78 “Per esempio è molto diversa la misura in cui un gruppo familiare è, dai partecipanti,

manifestazione di comunità o società pure può innescare “patologie corrispondenti, che sono le problematiche sociali tipiche delle comunità totalmente chiuse da un lato e dei sistemi sociali totalmente privi di dimensioni comunitarie dall'altro” (1991, 108). Sembra, inoltre, delinearsi un rinnovato interesse nei confronti della comunità come “condizione indispensabile per la realizzazione e lo sviluppo dei sistemi democratici” per mezzo della partecipazione attiva dei cittadini alla vita sociale e politica e alla costruzione del futuro in forma allargata (Martini, Sequi 1995, 14). Sotto questo profilo, la comunità si configura come lo scenario nel quale si sviluppano relazioni sociali, nodi problematici e potenzialità che possono condurre a iniziative collettive o a forme di segregazione sociale a seconda del grado di interazione fra tre dimensioni: la dimensione locale-territoriale come tessuto culturale, la dimensione relazionale correlata al tessuto sociale e la dimensione della partecipazione come costruzione di mondi possibili (Amerio 2000).
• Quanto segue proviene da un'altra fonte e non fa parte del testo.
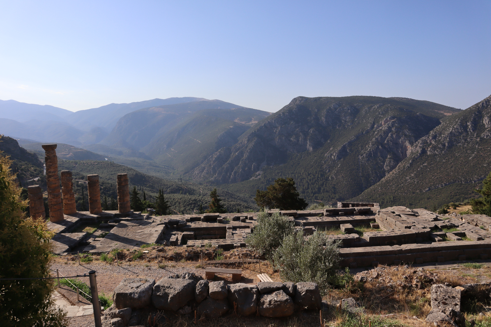 La cella du temple ornée d’une colonnade et de la statue en or d’Apollon abritait le trépied sur lequel était assise la Pythie. Elle se tenait penchée au-dessus de l’omphalos, une pierre sacrée qui symbolisait l’emplacement où s’étaient rencontrés deux aigles lâchés par Zeus consacrant Delphes, « centre du monde ».

Gli studi nell'ambito della psicologia di comunità evidenziano le opportunità insite in un approccio teso a recuperare il senso di comunità, che oggi appare indebolito dal prevalere di relazioni sociali “artificializzate” e dalla maggiore complessità delle problematiche, soprattutto in ambito urbano. Si tratta di opportunità che si concretizzano nella possibilità di affrontare efficacemente i problemi locali, giacché è a livello di comunità territorialmente circoscritta che si riscontrano maggiori possibilità per i soggetti di esprimere idee e contributi e in questo modo perseguire progetti di cambiamento che risultino effettivamente alla portata di tutti e maggiormente rappresentativi. Non va dimenticato, peraltro, che la crisi del modello di welfare tradizionale ripropone di continuo l'impossibilità da parte dello Stato di intervenire a sostegno delle esigenze sociali e questo sollecita una riorganizzazione delle modalità attraverso cui far fronte tanto al disagio quanto alla scarsa fiducia nei confronti delle istituzioni. All'interno di questa prospettiva, la comunità locale acquisisce rilievo come “palestra privilegiata” per sperimentazioni legate allo sviluppo della “cittadinanza attiva” e democratica allo scopo di “promuovere lo sviluppo di comunità impegnate in relazioni autentiche” che interessano l'individuo nei suoi rapporti con gli altri, la costruzione delle identità personali e collettive e le condizioni del vivere insieme (O'Shea 2003, 10). A questo livello, la partecipazione rientra fra le azioni che sono in grado di produrre cambiamento sociale attraverso il perseguimento di un progetto condiviso. Sotto questo profilo, l'attività intenzionale messa in atto da una persona o da un piccolo gruppo ha lo scopo di unire i residenti in forma strutturata affinché l'azione congiunta possa apportare un miglioramento durevole della qualità della vita a livello locale (Berkowitz 2000). Ne deriva, in sostanza, che la condivisione degli sforzi e delle risorse su scala locale non solo è capace di innescare comportamenti attivi e solidali, accrescendo in questo modo il senso

delle relazioni all'interno della comunità, ma è specificamente attraverso la discussione e il dialogo fra i soggetti che è possibile orientare le azioni di una collettività verso quella “costruzione di mondi possibili e condivisi, decisioni comuni e responsabilità” di cui parla Amerio (2000, 120).

Si è detto che i problemi di una città possono essere interpretati come risultante di problemi che riguardano gli individui nei loro contesti quotidiani. Ragionare, pertanto, in termini di sviluppo della comunità locale può costituire il punto di partenza per la soluzione di problematiche i cui effetti possono incidere sulla qualità della vita urbana nel complesso. Da questo punto di vista il vicinato di una città può costituire un ambito territoriale favorevole allo sviluppo di processi comunitari e verosimilmente rappresentare lo scenario nel quale l'attivazione dei cittadini può manifestarsi con maggiore enfasi.